SMC++ is a statistical inference method based on coalescent theory. It leverages genomic SNP data from multiple individuals and employs a Markov Chain Monte Carlo (MCMC) approach to analyze the coalescent patterns of gene lineages, thereby inferring a time series of Ne and characterizing the historical effective population size [59]. We employed the SMC++ v1.15.2 (https://github.com/popgenmethods/smcpp/releases (accessed on 30 January 2025)) method to estimate the Ne of three populations [58]. Use the vcf2smc script embedded in SMC++ to convert each VCF file to the required input file format. All simulations were performed with the default mutation rate set at 1.25 ×  10 8  as the initial condition.

4.7. Linkage Disequilibrium (LD) Decay Assay

An LD analysis was performed using PopLDdecay v3.41 (https://github.com/BGI-shenzhen/PopLDdecay/releases (accessed on 30 January 2025)) to calculate pair-wise SNP associations and generate LD decay plots. The R-squared correlation coefficient ( r 2 ) was calculated using the formula  r 2  = D2/(PA·Pa·PB·Pb), where D represents the deviation of allelic frequencies at two loci from random association and PA, Pa, PB, and Pb denote the frequencies of alleles A, a, B, and b, respectively. The LD decay plots display the  r 2  values against the physical distance between pair-wise SNPs in the reference genome. We defined the LD decay distance as the genomic physical distance at which the LD value decreases to half of its maximum.

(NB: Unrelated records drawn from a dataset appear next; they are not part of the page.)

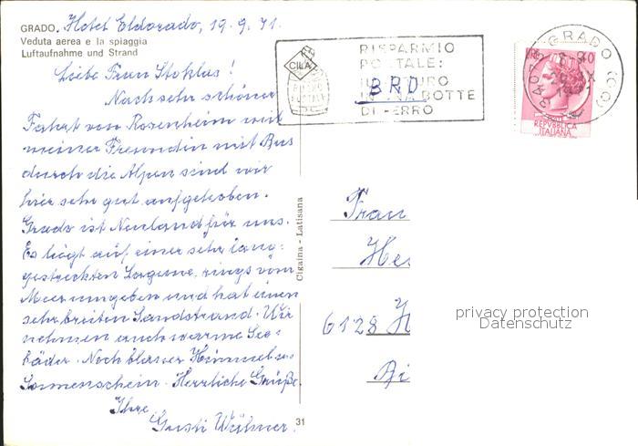 old postcard Grado Gorizia Fliegeraufnahme Strand Boot postalisch gelaufen Erhaltung siehe scans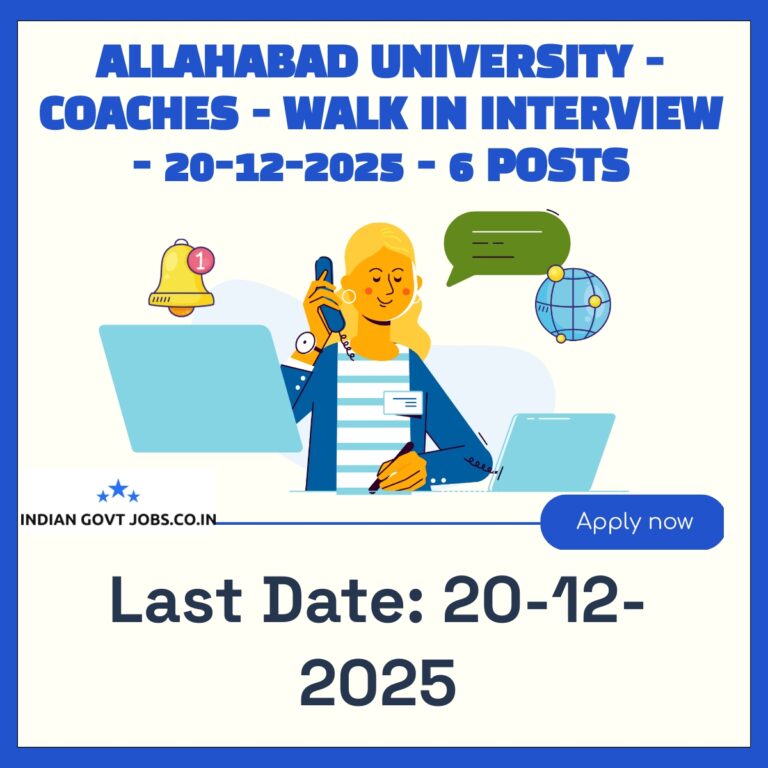 University of Allahabad invites eligible candidates for walk-in interviews for 6 contract-based Coaches posts. The interview is scheduled on 20-12-2025 at 11 AM. Candidates must bring a filled application form and relevant documents. The salary offered ranges from Rs 25000…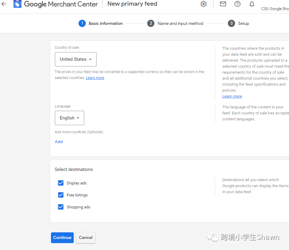 谷歌商家中心(Merchant Center)注册账号,注册过程很简单,只需要提前准备好一个Google邮箱登录即可,登录后按照网站的官方提示完成基本信息填写。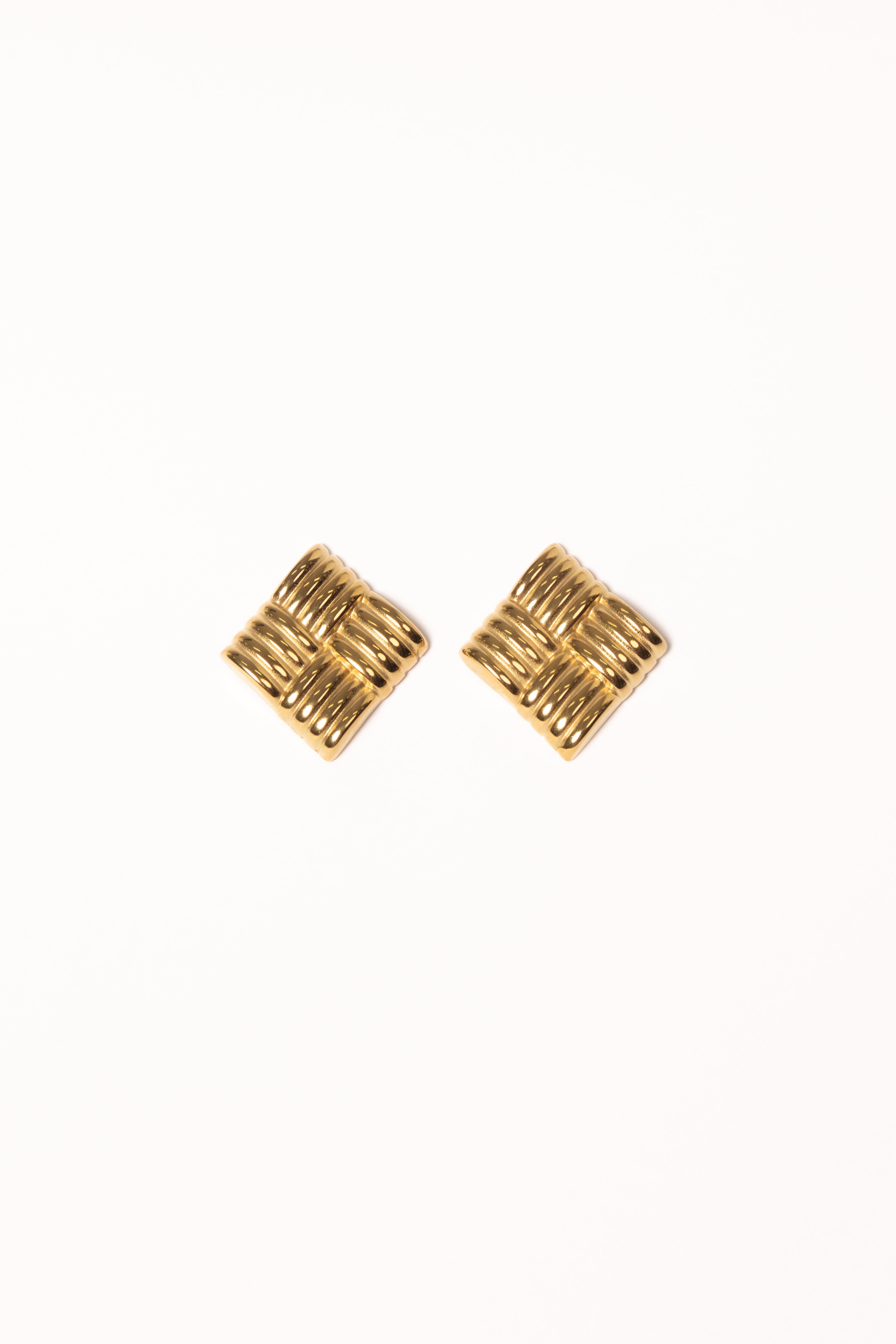 Elevate your everyday look with the effortlessly chic Rinna Earrings in Gold. Featuring a bold, large square design with an intricately woven texture, these earrings are a modern twist on a timeless statement piece.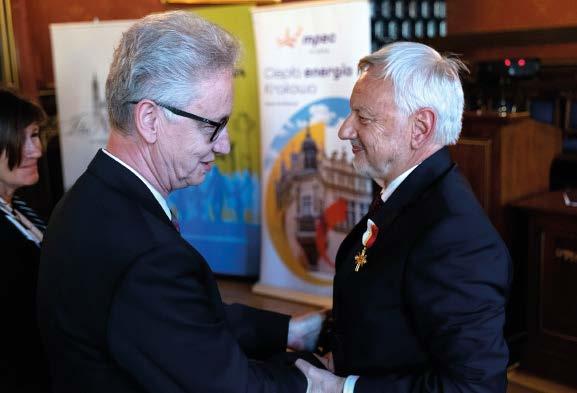 dziedzinach osobom działającym zarówno w Kraju Kwitnącej Wiśni, jak i poza jego granicami. – Jestem bardzo szczęśliwy, że to właśnie mnie przypadł w udziale zaszczyt wręczenia Panu Rektorowi tego odznaczenia. Mam nadzieję, że relacje i współpraca Uniwersytetu Jagiellońskiego i Japonii będą się nadal umacniać – dodał ambasador.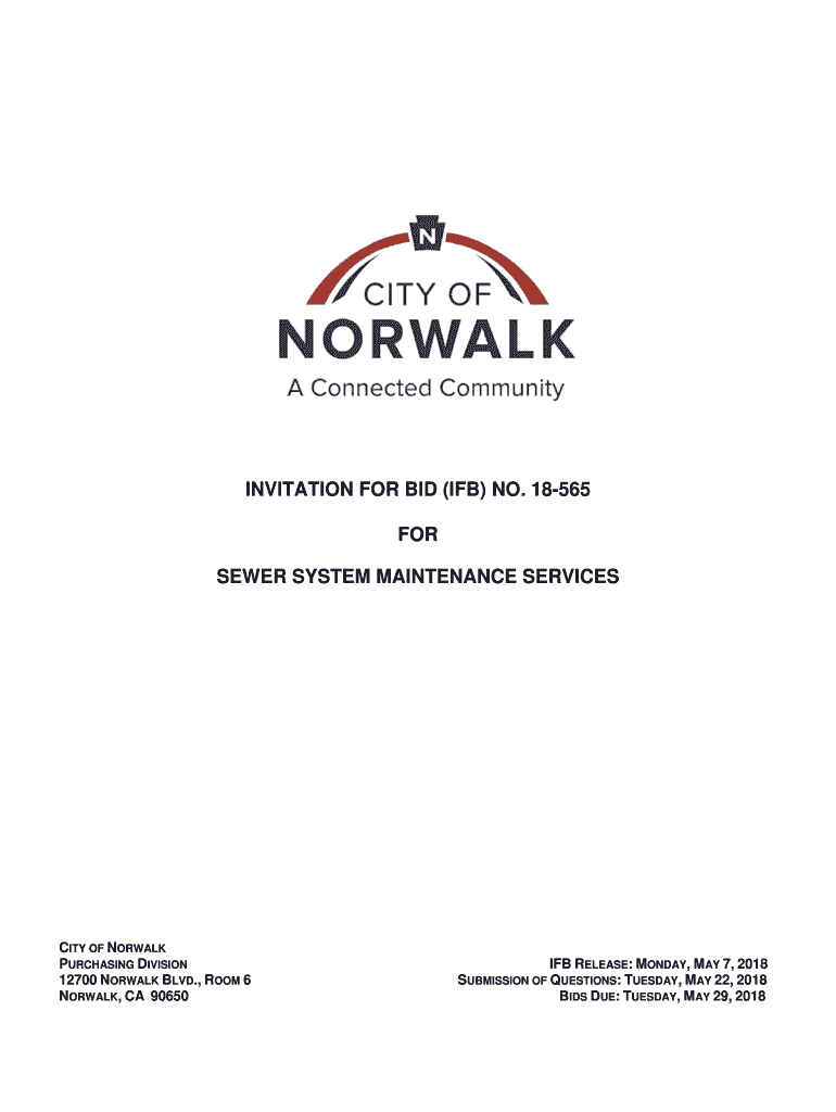 INVITATION FOR BID (IF) NO. 18565 FOR SEWER SYSTEM MAINTENANCE SERVICESCITY OF NORWALK PURCHASING DIVISION 12700 NORWALK BLVD., ROOM 6 NORWALK, CA 90650IFB RELEASE: MONDAY, MAY 7, 2018, SUBMISSION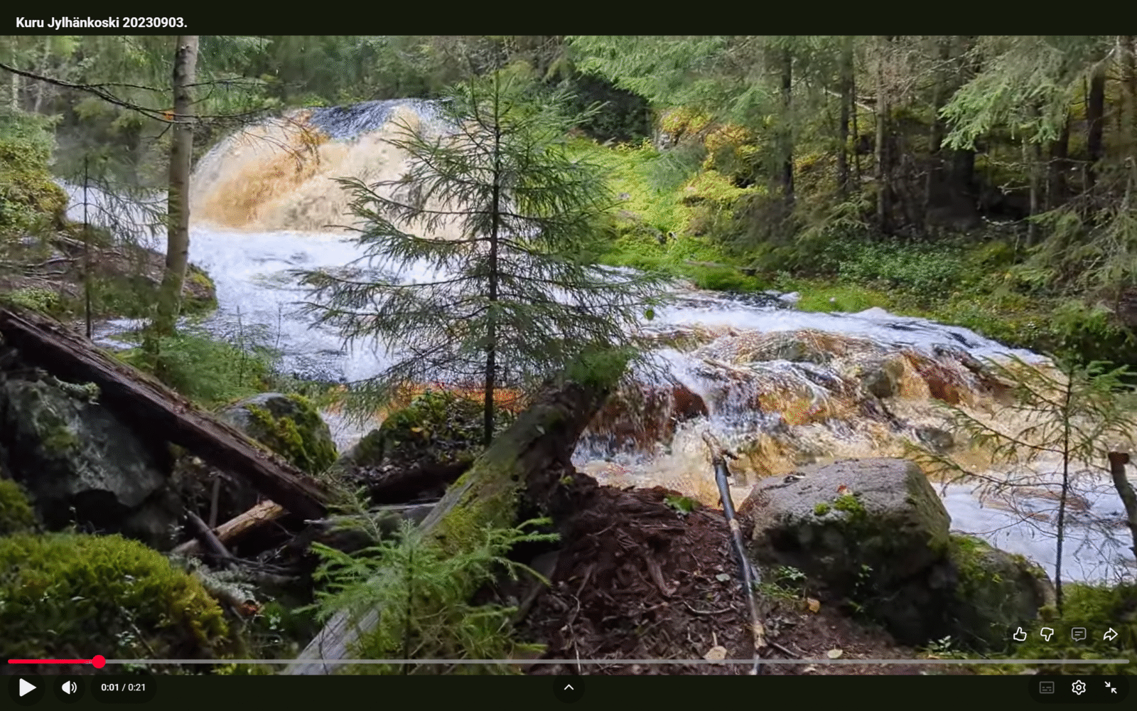 Kosketkin kuohuu nyt kovemmin kuin kevättulvien aikaan! Videolla Jylhänkoski Kurun puolella, reilu 3km Kurusta tulevasta Pirkan Taival-reitistä, hyväkuntoista metsätietä. Koskelle kulkee tieltä kaksi polkua jotka on helppo löytää vaikka viitoituksia ei ole (tai olihan siellä toisen polun alussa jonkun saapas kepin nokassa…). Kyllä kannattaa käydä tuo pisto sinne tekemässä. Siinä matkalla on Kelkkakerhon Susitörmän kota.

4.8. Screening for Selective Sweeps

In order to compare the genetic differences between seahorse populations from different geographical regions, we conducted joint π-ratio and Fst tests to detect potential selection signatures on the genome using a window size of 5 kb and a step size of 5 kb. The AS and RS populations were designated as control groups, while the SCS population was designated as the experimental group. Based on the results of the genetic parameters, the top 5% of windows for the Fst values and π-ratio were selected as signal regions for strong selection to be used for subsequent candidate gene localization and functional enrichment analyses.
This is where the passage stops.